In the penultimate match, Batista faced Alberto Del Rio. In the closing moments, Del Rio attempted to apply the Cross Armbreaker on Batista, but Batista pushed Del Rio into an exposed turnbuckle and executed a Batista Bomb on Del Rio to win the match.

Main event
The main event was the Elimination Chamber match for the WWE World Heavyweight Championship. John Cena entered at #1 Christian entered at #2. Randy Orton entered at #3, Daniel Bryan entered at #4, Cesaro entered at #5, and Sheamus entered at #6. With Sheamus and Cesaro starting the match and still in the ring, Daniel Bryan was the first to be released from his pod. Christian was next to be released from his pod. Next to be released is John Cena. Orton being the last to be released and making all 6 men still in the match. After making a few moves on the other 5 men, they all got up and backed Orton into a corner. Orton then locked himself in his pod but Sheamus executed a Brogue Kick into the plexi-glass breaking the plexi-glass open and attacking Orton. Sheamus was eliminated by Christian after a Frog Splash off the top of a pod. Christian was eliminated by Bryan after a Running Knee. Cesaro was eliminated by Cena after submitting to the STF. The Wyatt Family (Bray Wyatt, Luke Harper, and Erick Rowan) interfered in the match, attacking Bryan and Cena. After Wyatt performed Sister Abigail on Cena, Orton pinned Cena to eliminate him. Bryan climbed to the top rope and jumped Kane (DoO, wrestler) who came and assisted with removing The Wyatt Family from the chamber, Orton took advantage of Bryan being distracted to try and eliminate him. Bryan got Orton with a running knee and almost had the win but Kane pulled the referee out of the ring in the middle of the 3 count. Bryan kicked Kane in the head, and Orton executed an RKO to eliminate Bryan but he kicked out at a 2 count. Kane hit Bryan then Orton executed another RKO to eliminate him and retain the WWE World Heavyweight Championship.

Aftermath
Batista and Alberto Del Rio faced each other in a rematch with Del Rio prevailing due to Randy Orton distracting Batista. Orton then mentioned the boisterous negative reaction since Batista's return. Batista responded by saying that the WWE Universe has their own voice.
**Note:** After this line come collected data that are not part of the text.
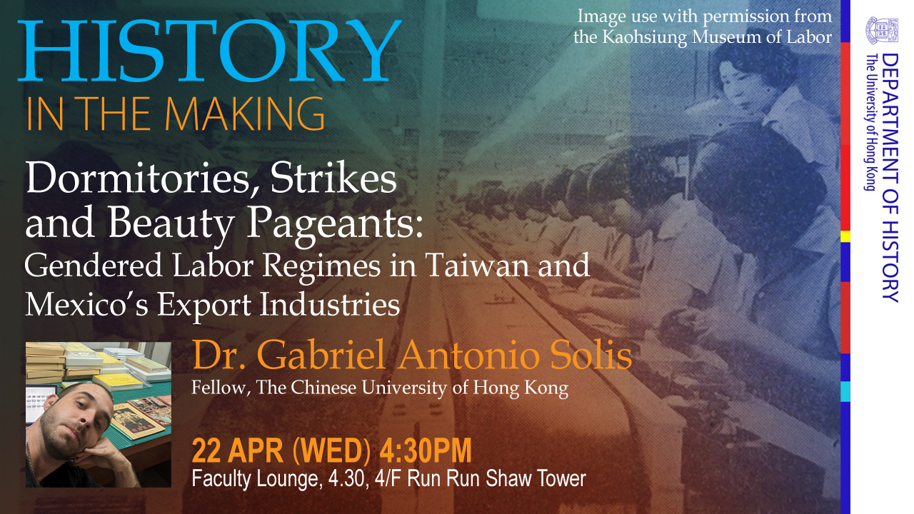 History in the Making – Dormitories, Strikes and Beauty Pageants: Gendered Labor Regimes in Taiwan and Mexico’s Export Industries (Dr. Gabriel Antonio Solis, Fellow, The Chinese University of Hong Kong)
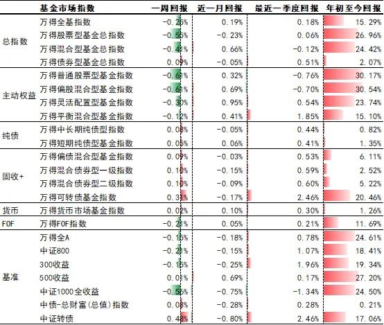 基金表现:上周万得全基指数下跌0.25%。其中,万得普通股票型基金指数下跌0.61%,万得偏股混合型基金指数下跌0.61%,万得债券型基金指数上涨0.09%。
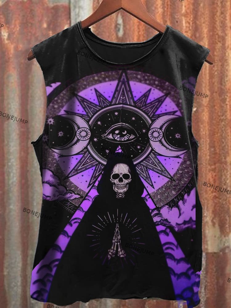 Unisex Vintage Symbol Skull Print Tank Top
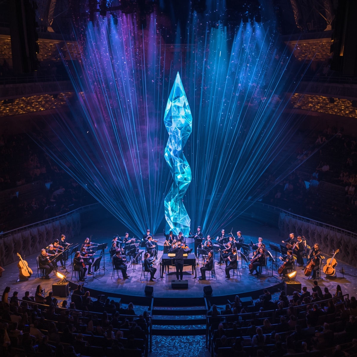 Результат превзошёл все ожидания. Амфитеатр наполнился не просто звуками — реальность вокруг начала танцевать под музыку магии. Воздух сверкал разными цветами. Цветы росли прямо из каменных ступеней, расцветая в такт мелодии. Фонтаны воды поднимались и опускались, создавая визуальный ритм.

Later on, however, Batista addressed the crowd, telling them he did not return to the company to be liked, only to win the championship, thus turning into a villain in the process.

Daniel Bryan confronted Triple H arguing about constantly getting screwed in his title matches ever since SummerSlam and challenged him to a match at WrestleMania XXX, but the latter declined. Later that night, Bryan defeated Kane, and after the match, Bryan voiced his opinion to Triple H by stating he should give what the fans want. Bryan challenged Triple H on the March 3 episode of Raw, but Triple H still declined. Frustrated, Bryan conjured up the Yes! Movement on the March 10 episode of Raw, involving WWE fans which gathered around the ring, and forced Triple H to accepting his match with the stipulation that if Bryan defeated Triple H, he would get inserted into the WWE World Heavyweight Championship match. On the March 17 episode of Raw, the stipulation was changed where instead the winner would advance to the main event for the title, thus assuring a triple threat match.
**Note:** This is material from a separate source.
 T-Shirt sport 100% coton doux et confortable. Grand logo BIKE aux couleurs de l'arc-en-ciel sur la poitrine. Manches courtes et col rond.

John Cena would call out The Wyatt Family (Bray Wyatt, Luke Harper, and Erick Rowan), only to be attacked by Wyatt. On the March 10 episode of Raw, when Hulk Hogan announced the André the Giant Memorial Battle Royal at WrestleMania XXX with Cena at first entering himself as the first entrant, only for the Wyatt Family to interrupt, insinuating that Hogan and Cena's heroic persona's are facades and that Bray is the "truth". Cena would then instead challenge Bray to a one-on-one match at WrestleMania with his legacy on the line, which Wyatt accepted.

The Usos (Jey Uso and Jimmy Uso) defeated The New Age Outlaws (Road Dogg and Billy Gunn) in a non-title match to ensure their spot again for the tag team titles. On the March 3 episode of Raw, The Usos finally defeated them to capture their first WWE Tag Team Championship.

Darren Young defeated Titus O'Neil in a rematch on the February 26 episode of Main Event.

Cameron got a rematch for the WWE Divas Championship on the following SmackDown against AJ Lee, but she failed to win the championship cleanly this time.

Elimination Chamber would mark as the final PPV in-ring competition event for Christian until Royal Rumble 2021 where he made a surprise return as the number 24 entrant. On the March 24 episode of Raw, Christian won a fatal four-way match which included Alberto Del Rio, Dolph Ziggler, and Sheamus to challenge Big E for the WWE Intercontinental Championship but never happened due to Christian suffering a mild concussion. This led to Christian making part-time non-wrestling appearances on pre-shows and podcasts without any news regarding his career in wrestling. On October 27, 2015, Christian's profile was moved from the superstar section to the alumni section on WWE.com, noting Christian's retirement from professional wrestling with the company.

The following year's Elimination Chamber was originally scheduled to be a house show, a wrestling show that is not televised, but it was announced during the May 11, 2015, episode of Raw that Elimination Chamber would return on May 31. The event was initially replaced in February by Fastlane because many arenas were not able to physically support the Elimination Chamber structure, thus making it easier to book the February pay-per-view event without the structure. It was also the first Elimination Chamber to stream on WWE's online streaming service, the WWE Network, which launched the day after the 2014 event.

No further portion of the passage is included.